Java is an awesome language because you get to ignore hard stuff like memory allocation.  Write once, run anywhere.  Sweet, where do I sign up?

The privilege of not having to manage memory comes at a cost: you aren't allowed to question how the JVM works.  Move along, coder.  Keep making those objects.  Don't ask how much memory things take up. In fact, to keep you from getting curious, we're not even going to have a sizeof function.

How My Complacency Made Me Fail

When you're coding in Java, it's easy to buy into this mentality.  You never really have to worry about how much space anything takes up, and if you get an OutOfMemoryError, just give the JVM more memory.  Problem solved.

But there are times when you need to be conscious of how the JVM actually works.  For example, when you're trying to squeeze every bit of performance out of the crappiest of machines, such the small Amazon EC2 instances (where Persai is hosted).

Here's a real world example of how I got burned:

Persai does a lot of work with high-dimensionality, sparse vectors.  To save space, we compact the vectors.  Since most of the values in the vectors are zero, we simply do not store them.  What we store amounts to a list of the nonzero element indices and the corresponding values.  This is our basic data structure:

class sparseNode {
    public int index;
    public double value;
So a vector is an array of sparseNode objects.

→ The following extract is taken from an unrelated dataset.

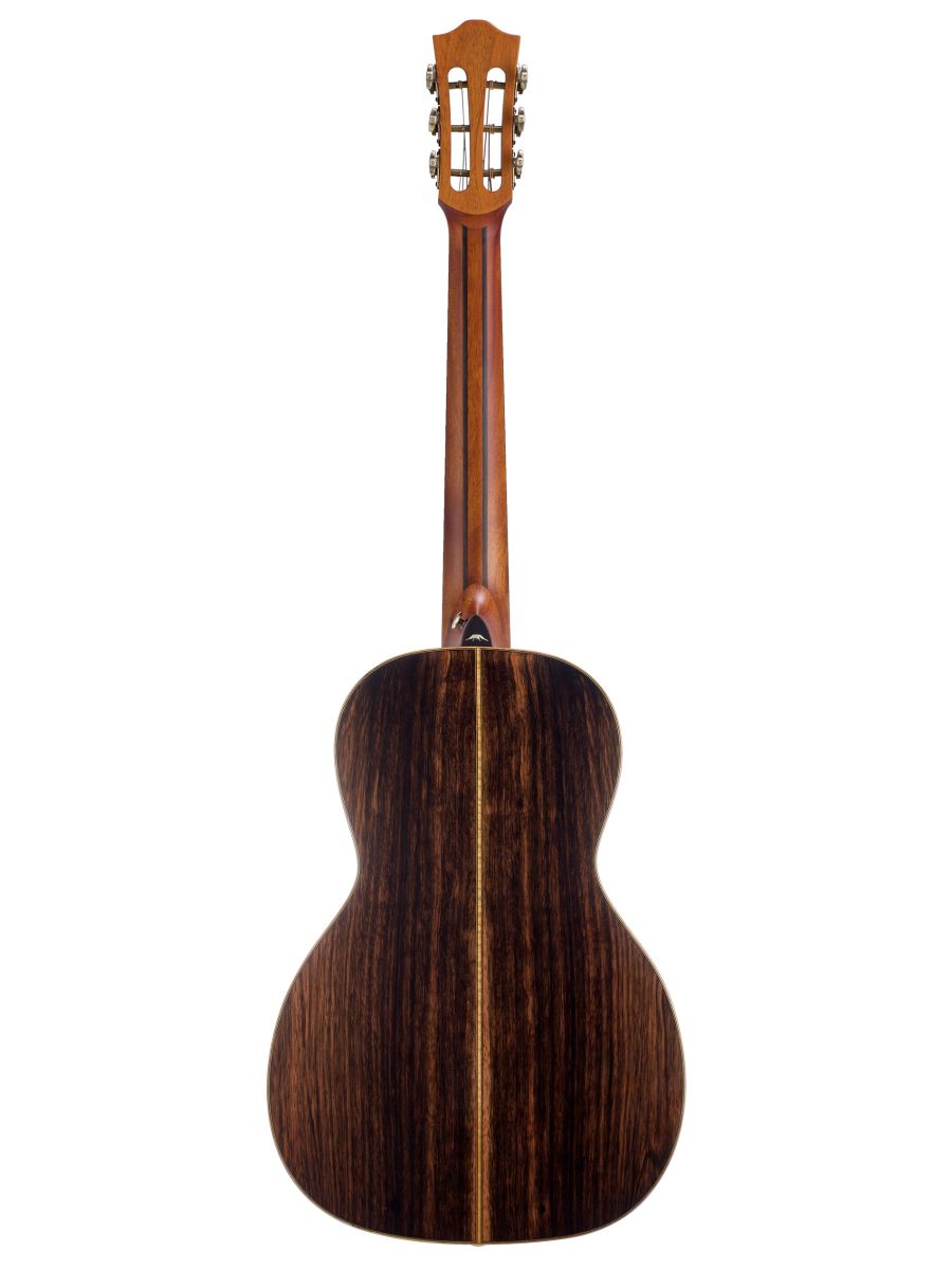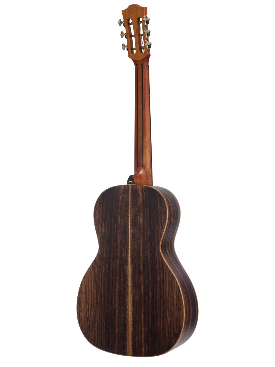 Серия: Rocky Mountain Форма корпуса: Parlor Мензура: 632,4 мм (24 29/32") Ширина грифа у шеи: 47 мм (1 27/32") Верхняя дека: цельный красный кедр Нижняя дека и обечайка: цельный макассарский эбен Гриф / накладка грифа: махагони с двумя эбеновыми вставками / макассарский эбен Анкерный стержень: двухсторонний Инкрустация на грифе: перламутр Лого на голове: гора Бромо Оформление резонаторного отверстия: «Ковбойская веревка» Бридж: "Орлиное крыло", черное дерево Amara Оформление грифа и пятки: гора Бромо Лады: Jumbo, 20 ладов Верхний и нижний порожки: кость Колки: винтажные "Bromo", античная латунь Электроника: Fishman "Sonitone" Отделка: матовая В комплекте: чехол

Sounds easy enough, and for a while, it was.  That is until I was tasked with storing as many of these in memory as I could.

Where's the fail here?  How big is an int primitive in Java? 32 bits, right?  Sort of.  The Java specification says that an implementation must provide 32 bits of workable space for the programmer using an int, but makes no mention of how how the virtual machine must store this variable.

In Sun's HotSpot JVM, object storage is aligned to the nearest 64-bit boundary.  On top of this, every object has a 2-word header in memory.  The JVM's word size is usually the platform's native pointer size.  Alright, two words for the object header, one word for the int, two words for the double.  That's 5 words: 160 bits.  Because of the alignment, this object will occupy 192 bits of memory.  Effectively, the int value is taking 64 bits!  In an array of these things, I've wasted N times 32 bits.  Figure, a typical vector is about 200 elements long, so that's 800 bytes out the window for each one.

This fun fact would have been good to know when I was doing my initial back of the envelope calculation of how many vectors I can fit in a gigabyte of memory.

Yes, I know I should be complaining about the same thing when using C structs.  But you know what?  When you learn C, you are introduced to many harsh realities.  When you learn Java, you are introduced to XML.  They protect you from the hard things.  Live and learn, I guess.

The Fix

After knowing this, it was easy to rescue myself.  Java primitive arrays fall to the same alignment issue, but in our case, they can help solve the problem.  Instead of representing a vector as an array of objects, we'll represent a vector as an object of arrays.

class sparseVector {
  public int[] indicies;
  public double[] values;
This way, we're going to lose at most 4 bytes per vector with the alignment of the int[] array.  This sure beats the ~800 byte loss with the other solution.